_Work instruction_.
In the listing below, find the line with "Mosonszentjános, Jánossomorja; Takarékpénztár, Ámon" and the line with "大場華奈子さんの総運は38画の4点!", then return them and every line between them exactly, minus the pictures.

_Input_.
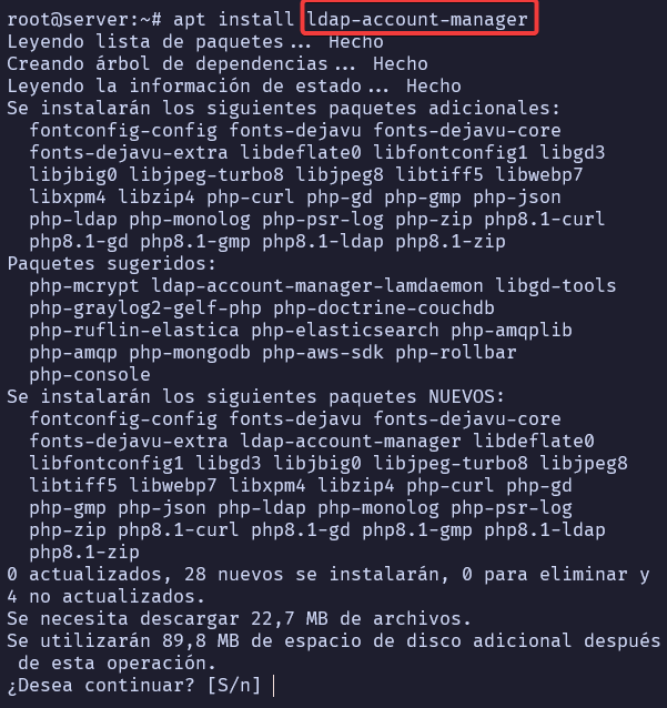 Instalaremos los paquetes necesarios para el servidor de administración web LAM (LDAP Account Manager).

==

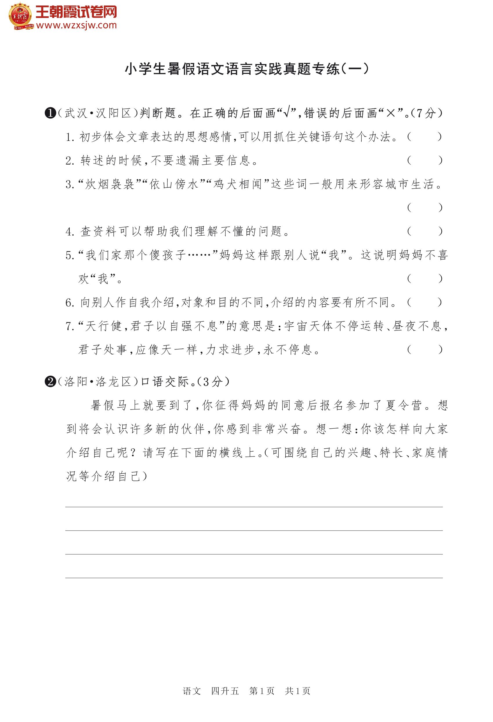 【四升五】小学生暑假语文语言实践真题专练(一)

---

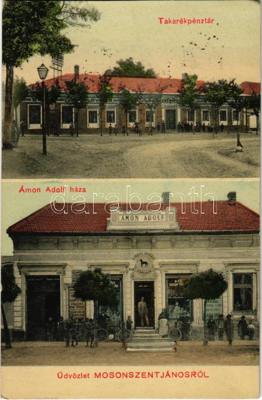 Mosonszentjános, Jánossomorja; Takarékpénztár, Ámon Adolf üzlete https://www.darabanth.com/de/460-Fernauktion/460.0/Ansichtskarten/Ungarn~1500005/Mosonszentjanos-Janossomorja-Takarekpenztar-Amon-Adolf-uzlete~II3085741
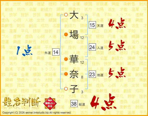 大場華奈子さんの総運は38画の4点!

_Finished exercise_.
 Mosonszentjános, Jánossomorja; Takarékpénztár, Ámon Adolf üzlete https://www.darabanth.com/de/460-Fernauktion/460.0/Ansichtskarten/Ungarn~1500005/Mosonszentjanos-Janossomorja-Takarekpenztar-Amon-Adolf-uzlete~II3085741
 大場華奈子さんの総運は38画の4点!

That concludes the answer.